And then we beat ourselves up.
And we shame the hell out of ourselves.
And when we do those 2 things we ensure 1 thing.
That we will keep doing exactly what we’re doing because of the shitty thoughts and beliefs we’re having.
But you have another option.
One that won’t feel familiar in the beginning.
One that will feel ineffective.
One that will be uncomfortable in the beginning.
But I pinky promise that it’s the only one that works in the long run and finally gets you off the hamster wheel of shame shit different day and thinking about them all the damn time.
It starts with having 1% more compassion with yourself.
I had to hit pause on beating myself up long enough to get curious about why “it made sense” that I’d stay.
And it made sense because:
* I was emotionally neglected as a kid. I had food, shelter, and clothing, but zero emotional skills or support. So when a guy came along and showed me some attention, it was like getting an ice cold Gatorade in the desert. That makes perfect sense!
* I felt responsible for trying to fix my parents drinking so of course I felt responsible for trying to fix what was “clearly wrong with me” so he would treat me better. And if I just kept trying a little harder or could come up with something new then THAT would be the thing that made it all better. That makes perfect sense!

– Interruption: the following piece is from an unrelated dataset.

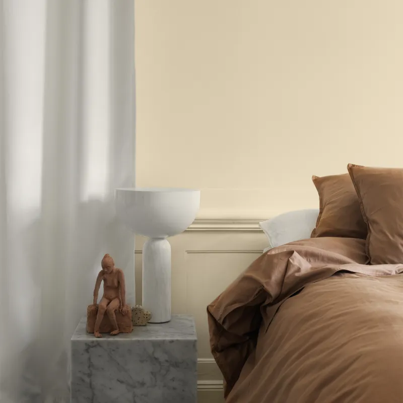 Sånglärka är en mjuk och varm gulbeige nyans med en subtil rosig underton. Den fungerar perfekt att använda tillsammans med andra varma toner som vita, beiga och rosa för att skapa en harmonisk och inbjudande färgpalett. Dess lugna och jordnära karaktär gör den till en idealisk grund för en trivsam stämning.

* My level of self-esteem was completely in the shitter and the crumbs he threw me were just enough to keep me there. It wasn’t until I started to think and believe that I deserved even a tiny bit better, that my eyes opened up and I started to think and believe, “You know what? This isn’t how I want to live the rest of my life and maybe I deserve better just because. Maybe I don’t have to earn it. And this new thought about myself started to determine what was and wasn’t acceptable behavior. As my thoughts and feelings about myself changed, it didn’t take long before I broke up with him for good and refused to take him back.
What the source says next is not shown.